Dias depois, Starmer reuniu líderes de uma “coalizão dos dispostos” em Londres para ajudar a garantir uma futura paz na Ucrânia. Após a marginalização autoimposta do brexit, o Reino Unido —e Starmer— pareciam estar no centro do palco mundial.
Pesquisas de opinião mostraram um aumento de dois dígitos no apoio a Starmer e até a imprensa de direita disse que foi a melhor semana do primeiro-ministro, embora sua aprovação líquida permaneça profundamente negativa.
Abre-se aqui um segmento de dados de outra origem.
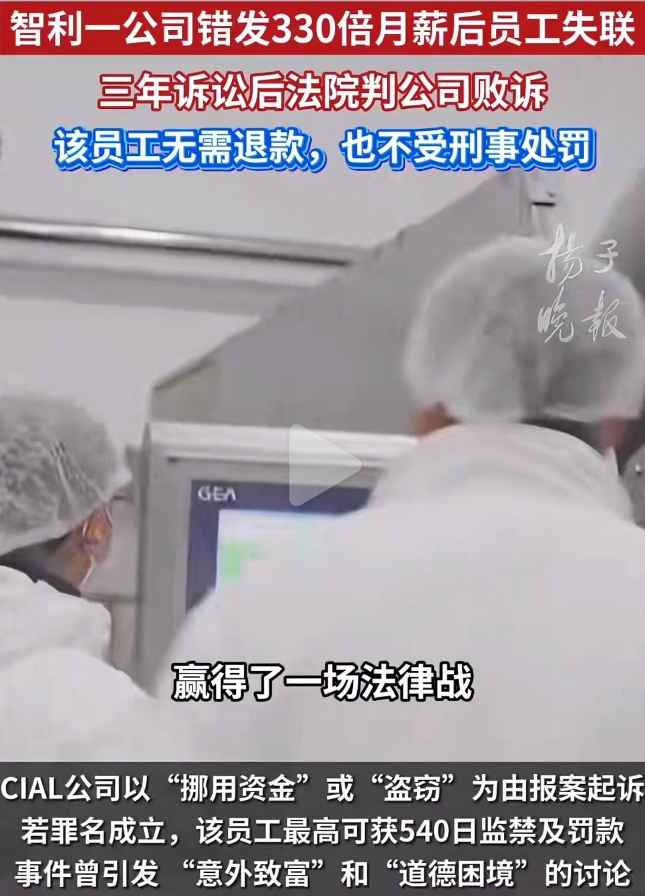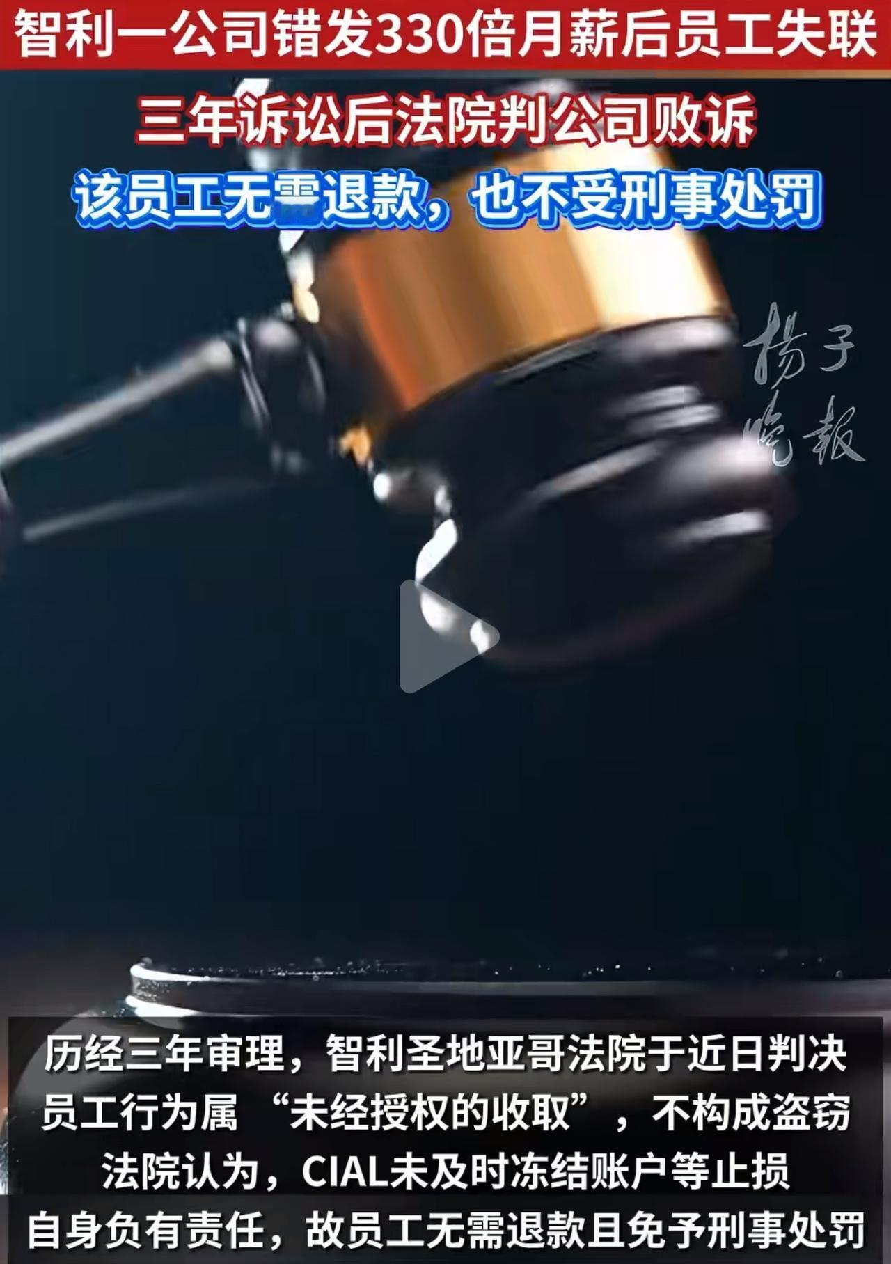 月薪才3700,突然收到123万工资到账短信,换你你咋整?智利有个办公室小职员,一开始还挺实在,主动跟领导说“钱打多了,我回头退回来”,结果才过3天,直接递了辞职信,把银行卡里的钱全转走,人也找不着了。 公司气得直跳脚,直接以盗窃报了警——要知道这钱是他330个月的工资,按当地法律,真要是盗窃罪成立,最多得蹲540天牢。谁能想到今年9月法院判下来:钱不用退,人也不算犯罪! 不是都说“白拿的钱得还”吗?法院说的理儿倒挺有意思:人家员工一开始就说了钱打错了,该尽的告知义务做到了;反倒是公司,明明知道钱给多了,3天里连个冻结账户的动作都没有,眼睁睁看着钱被转走,自己的过失比谁都大。 这事要是搁咱国内,压根不是这么回事。之前贵州有家公司,不小心给已经离职的员工多打了三千多块工资,最后还是法院帮忙,把这笔钱全要回来了;还有江苏一个打工的师傅,多拿了公司三千块工资,自己主动退回去了,公司后来还特意好好谢了他。咱国家《民法典》写得清清楚楚,不管是谁的错,平白无故得的钱必须还,要是故意不还,说不定还得额外赔利息。 我倒觉得法院这么判挺合理的——说白了就是给那些办事毛躁的企业敲敲警钟,自己财务上出了漏子,别想着往员工身上推责任。不过这员工的操作是真不地道,就算没犯啥法,可做人最该有的诚信,早让他自己抛到脑后去了。 你们觉得这钱该还不?要是你碰到这种事,会咋做?多发工资不退回犯法吗 多发工资要不要退还公司

Embora a economia britânica esteja atolada em baixo crescimento e finanças públicas instáveis, Starmer espera ter pelo menos conquistado um novo público.
Os líderes buscarão construir sobre sua crescente popularidade, mas Trump ainda pode impor tarifas devastadoras ou forçar a Ucrânia a aceitar os termos da Rússia. O dano resultante às suas economias e segurança pode tornar qualquer aumento nas pesquisas muito difícil de manter.